Dataset entries>
====

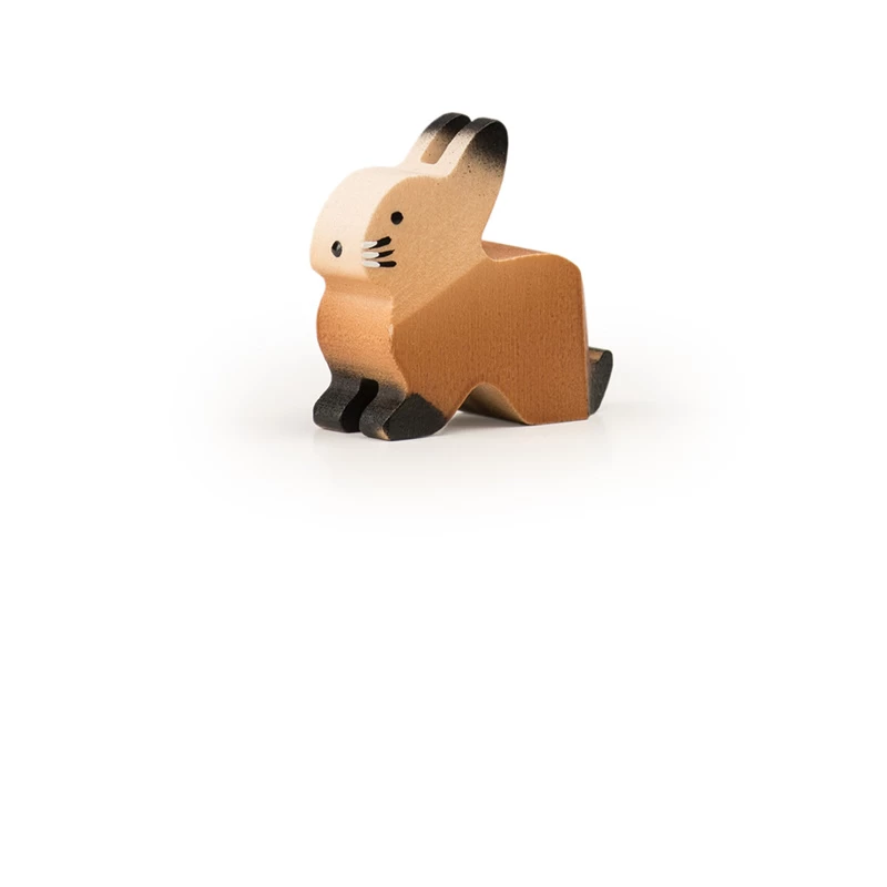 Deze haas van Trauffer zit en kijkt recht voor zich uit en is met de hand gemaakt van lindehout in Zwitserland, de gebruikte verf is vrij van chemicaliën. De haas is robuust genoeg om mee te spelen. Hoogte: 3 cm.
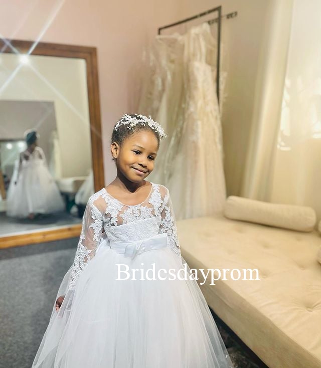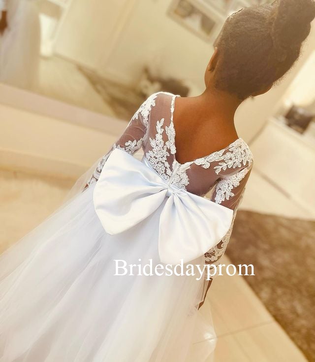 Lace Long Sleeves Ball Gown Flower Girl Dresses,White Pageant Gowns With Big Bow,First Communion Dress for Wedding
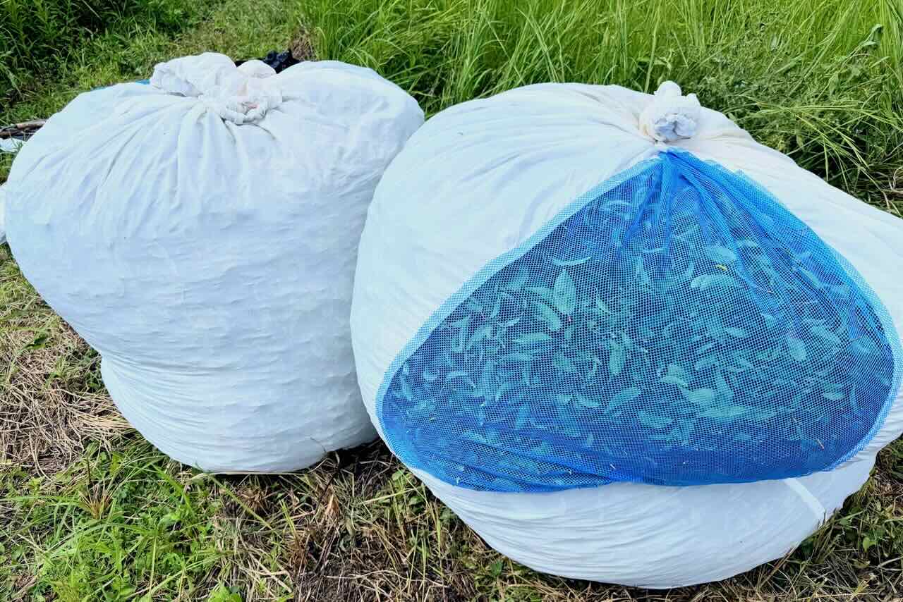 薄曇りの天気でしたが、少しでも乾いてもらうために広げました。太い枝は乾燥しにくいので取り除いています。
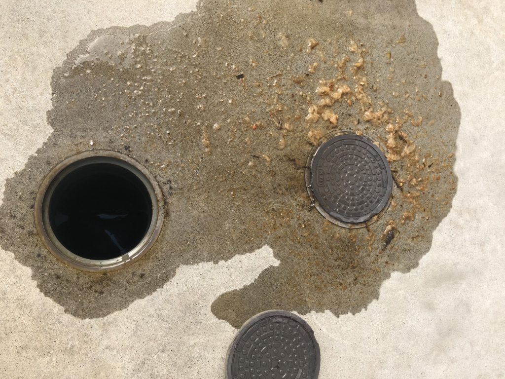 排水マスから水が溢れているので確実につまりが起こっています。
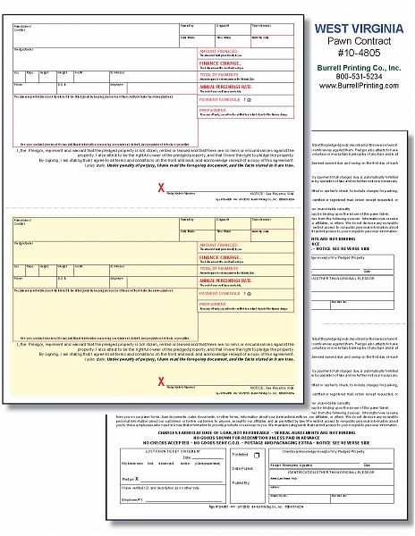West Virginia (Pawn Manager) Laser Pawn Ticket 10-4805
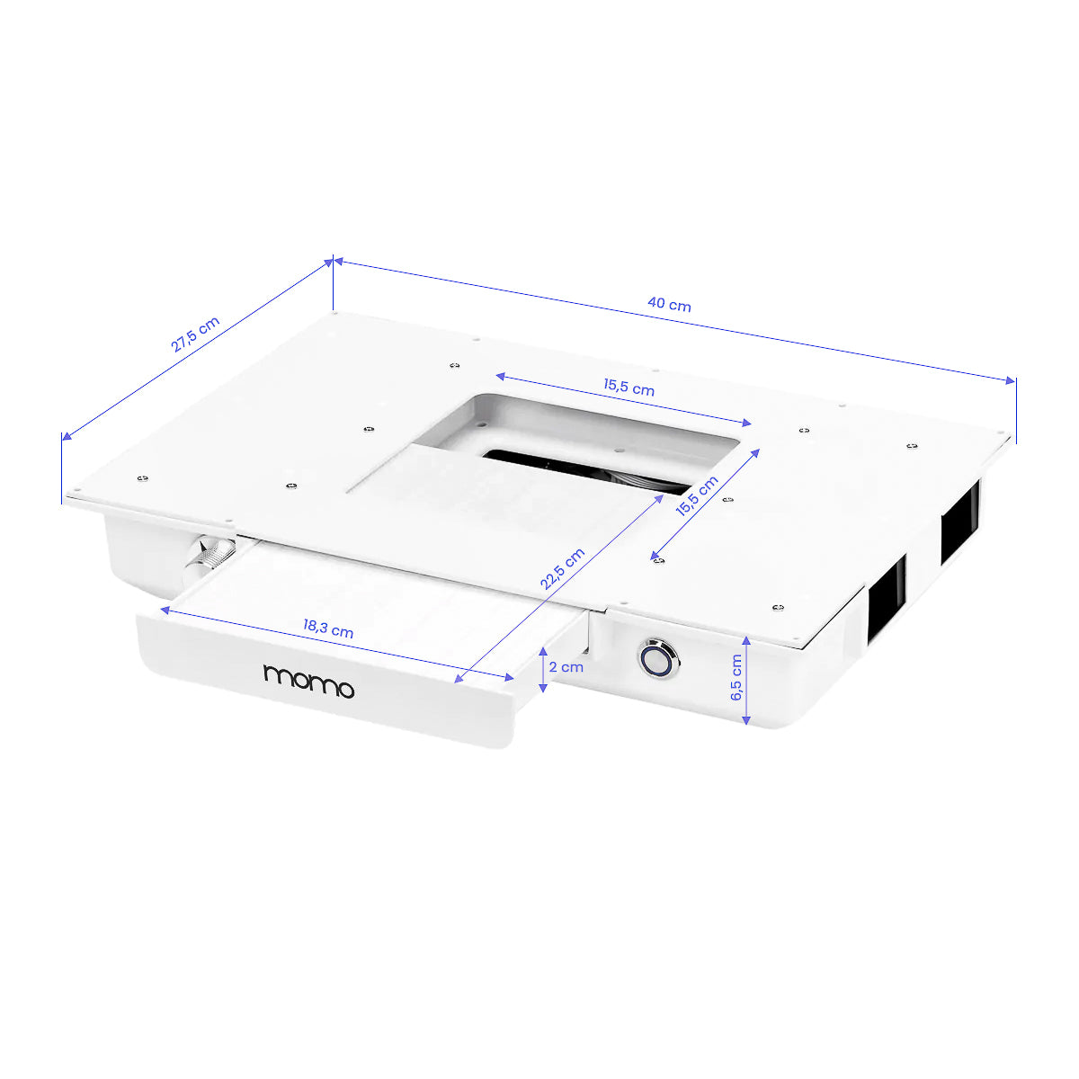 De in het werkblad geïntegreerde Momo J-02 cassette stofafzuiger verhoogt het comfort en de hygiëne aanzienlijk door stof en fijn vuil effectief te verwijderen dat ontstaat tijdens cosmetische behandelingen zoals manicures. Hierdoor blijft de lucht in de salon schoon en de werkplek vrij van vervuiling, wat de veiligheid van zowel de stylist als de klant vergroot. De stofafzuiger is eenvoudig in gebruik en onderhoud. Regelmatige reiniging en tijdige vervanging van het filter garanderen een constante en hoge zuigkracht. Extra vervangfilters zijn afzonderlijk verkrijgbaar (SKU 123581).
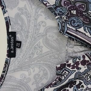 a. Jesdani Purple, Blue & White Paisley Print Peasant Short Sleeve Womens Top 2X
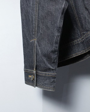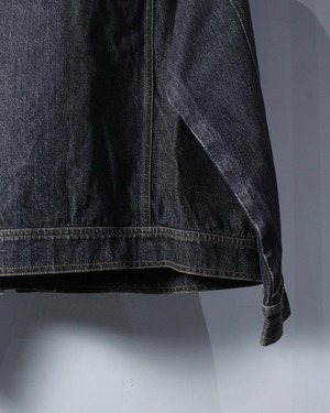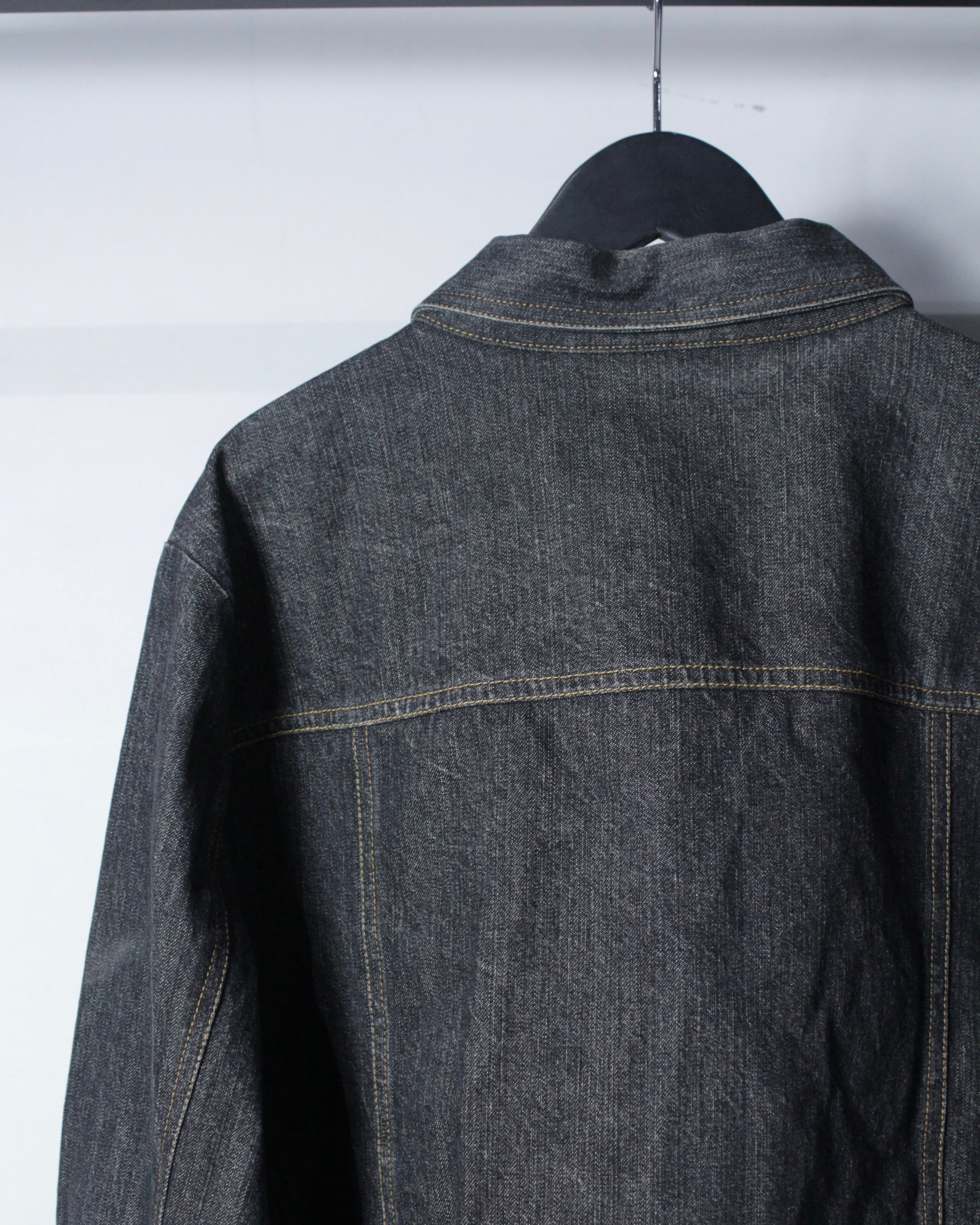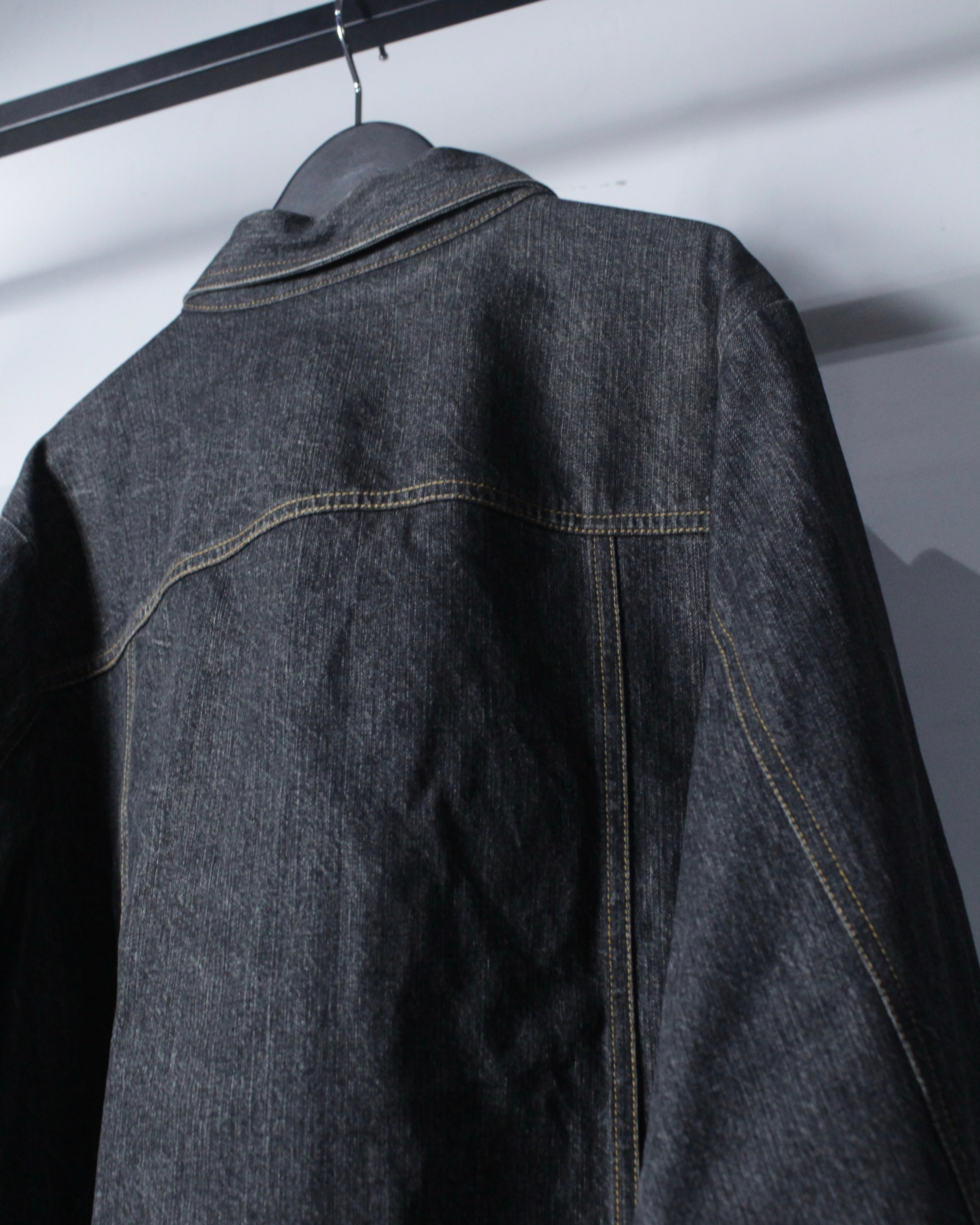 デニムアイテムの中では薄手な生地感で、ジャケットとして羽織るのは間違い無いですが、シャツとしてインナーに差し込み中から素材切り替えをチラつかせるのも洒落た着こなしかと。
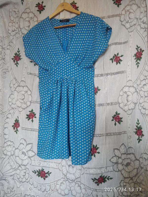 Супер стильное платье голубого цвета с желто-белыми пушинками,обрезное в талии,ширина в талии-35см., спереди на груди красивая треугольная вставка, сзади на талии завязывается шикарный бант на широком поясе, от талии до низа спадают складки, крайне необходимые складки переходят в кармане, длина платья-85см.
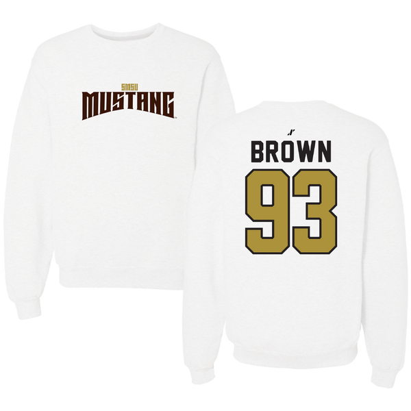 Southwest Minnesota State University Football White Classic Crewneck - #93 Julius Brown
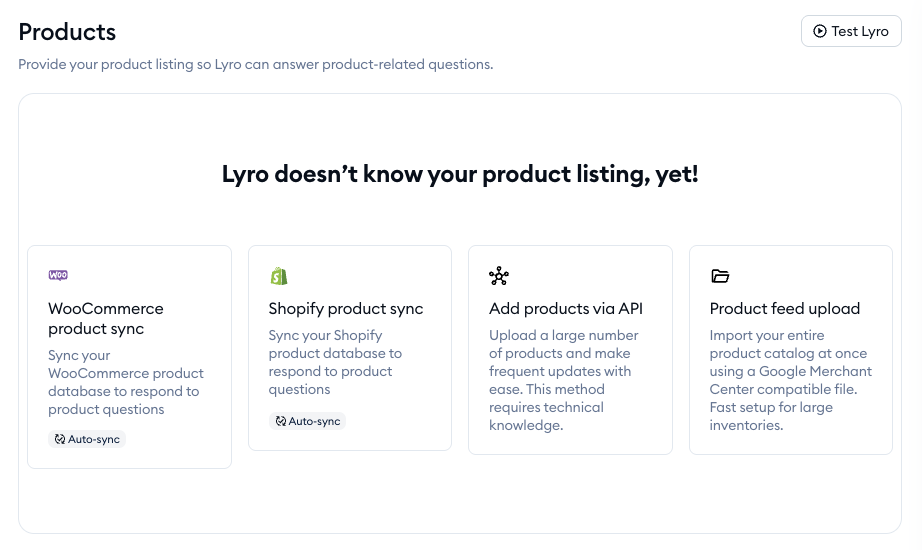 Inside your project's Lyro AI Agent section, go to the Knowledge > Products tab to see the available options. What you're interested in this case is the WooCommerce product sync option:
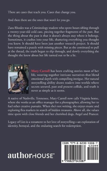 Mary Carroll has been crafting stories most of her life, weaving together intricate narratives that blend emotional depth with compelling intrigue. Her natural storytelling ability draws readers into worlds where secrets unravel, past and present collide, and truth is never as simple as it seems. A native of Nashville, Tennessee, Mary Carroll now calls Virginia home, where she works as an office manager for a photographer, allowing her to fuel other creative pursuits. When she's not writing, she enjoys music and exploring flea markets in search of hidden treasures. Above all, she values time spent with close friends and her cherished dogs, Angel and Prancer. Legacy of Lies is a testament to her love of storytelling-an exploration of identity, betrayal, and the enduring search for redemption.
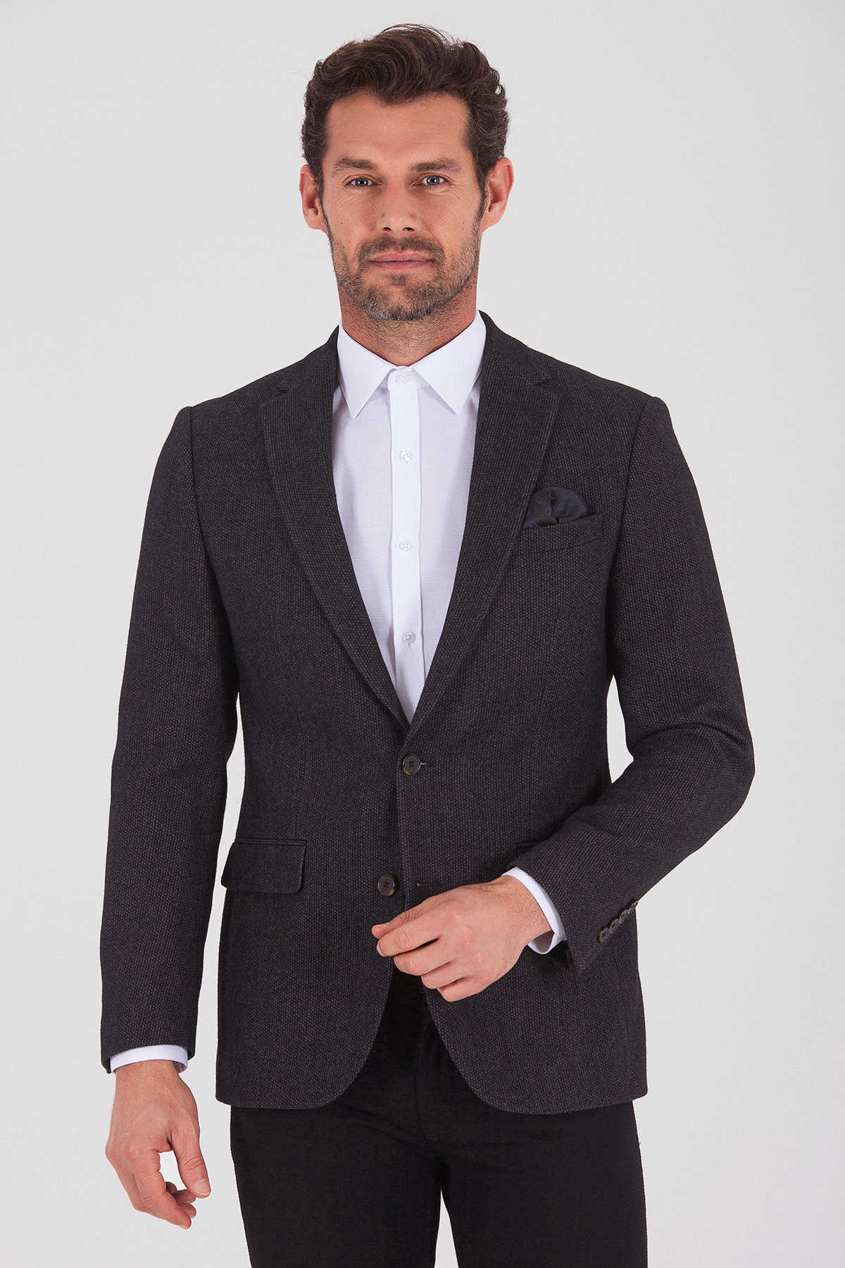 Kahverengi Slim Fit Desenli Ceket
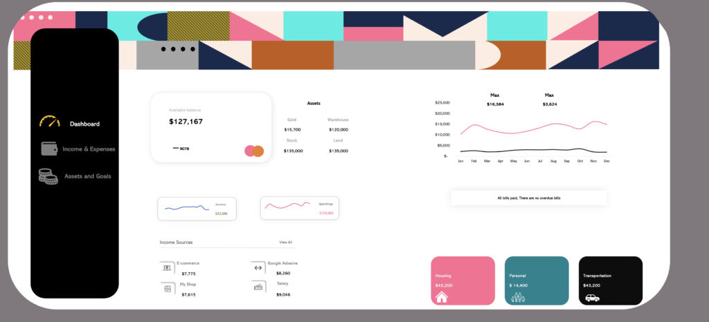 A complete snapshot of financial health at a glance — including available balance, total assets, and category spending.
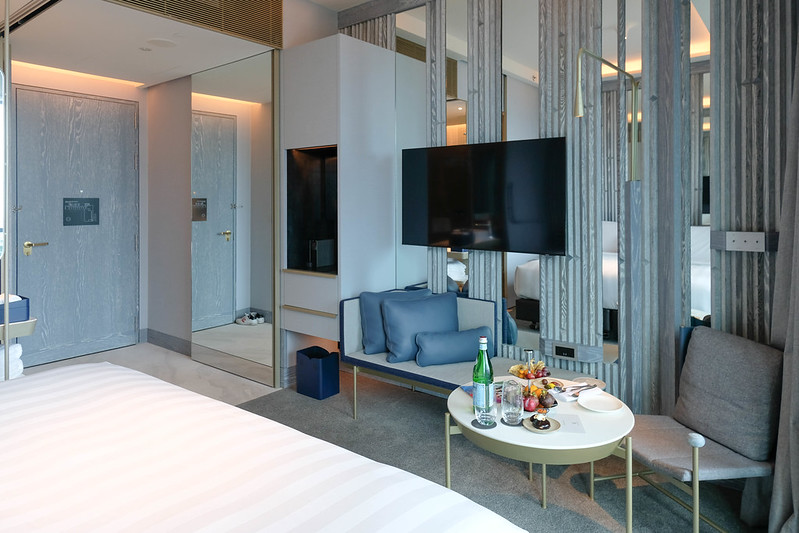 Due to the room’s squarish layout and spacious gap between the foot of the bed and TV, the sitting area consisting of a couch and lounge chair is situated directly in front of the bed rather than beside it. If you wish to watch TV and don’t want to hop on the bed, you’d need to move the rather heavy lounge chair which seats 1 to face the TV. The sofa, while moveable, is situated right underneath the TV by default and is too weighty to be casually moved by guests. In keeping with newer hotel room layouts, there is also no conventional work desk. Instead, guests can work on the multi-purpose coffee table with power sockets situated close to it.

====

Leaving the images behind, set down every entry word for word.

 Deze haas van Trauffer zit en kijkt recht voor zich uit en is met de hand gemaakt van lindehout in Zwitserland, de gebruikte verf is vrij van chemicaliën. De haas is robuust genoeg om mee te spelen. Hoogte: 3 cm.
 Lace Long Sleeves Ball Gown Flower Girl Dresses,White Pageant Gowns With Big Bow,First Communion Dress for Wedding
 薄曇りの天気でしたが、少しでも乾いてもらうために広げました。太い枝は乾燥しにくいので取り除いています。
 排水マスから水が溢れているので確実につまりが起こっています。
West Virginia (Pawn Manager) Laser Pawn Ticket 10-4805
 De in het werkblad geïntegreerde Momo J-02 cassette stofafzuiger verhoogt het comfort en de hygiëne aanzienlijk door stof en fijn vuil effectief te verwijderen dat ontstaat tijdens cosmetische behandelingen zoals manicures. Hierdoor blijft de lucht in de salon schoon en de werkplek vrij van vervuiling, wat de veiligheid van zowel de stylist als de klant vergroot. De stofafzuiger is eenvoudig in gebruik en onderhoud. Regelmatige reiniging en tijdige vervanging van het filter garanderen een constante en hoge zuigkracht. Extra vervangfilters zijn afzonderlijk verkrijgbaar (SKU 123581).
 a. Jesdani Purple, Blue & White Paisley Print Peasant Short Sleeve Womens Top 2X
 デニムアイテムの中では薄手な生地感で、ジャケットとして羽織るのは間違い無いですが、シャツとしてインナーに差し込み中から素材切り替えをチラつかせるのも洒落た着こなしかと。
 Супер стильное платье голубого цвета с желто-белыми пушинками,обрезное в талии,ширина в талии-35см., спереди на груди красивая треугольная вставка, сзади на талии завязывается шикарный бант на широком поясе, от талии до низа спадают складки, крайне необходимые складки переходят в кармане, длина платья-85см.
 Southwest Minnesota State University Football White Classic Crewneck - #93 Julius Brown
 Inside your project's Lyro AI Agent section, go to the Knowledge > Products tab to see the available options. What you're interested in this case is the WooCommerce product sync option:
 Mary Carroll has been crafting stories most of her life, weaving together intricate narratives that blend emotional depth with compelling intrigue. Her natural storytelling ability draws readers into worlds where secrets unravel, past and present collide, and truth is never as simple as it seems. A native of Nashville, Tennessee, Mary Carroll now calls Virginia home, where she works as an office manager for a photographer, allowing her to fuel other creative pursuits. When she's not writing, she enjoys music and exploring flea markets in search of hidden treasures. Above all, she values time spent with close friends and her cherished dogs, Angel and Prancer. Legacy of Lies is a testament to her love of storytelling-an exploration of identity, betrayal, and the enduring search for redemption.
 Kahverengi Slim Fit Desenli Ceket
 A complete snapshot of financial health at a glance — including available balance, total assets, and category spending.
 Due to the room’s squarish layout and spacious gap between the foot of the bed and TV, the sitting area consisting of a couch and lounge chair is situated directly in front of the bed rather than beside it. If you wish to watch TV and don’t want to hop on the bed, you’d need to move the rather heavy lounge chair which seats 1 to face the TV. The sofa, while moveable, is situated right underneath the TV by default and is too weighty to be casually moved by guests. In keeping with newer hotel room layouts, there is also no conventional work desk. Instead, guests can work on the multi-purpose coffee table with power sockets situated close to it.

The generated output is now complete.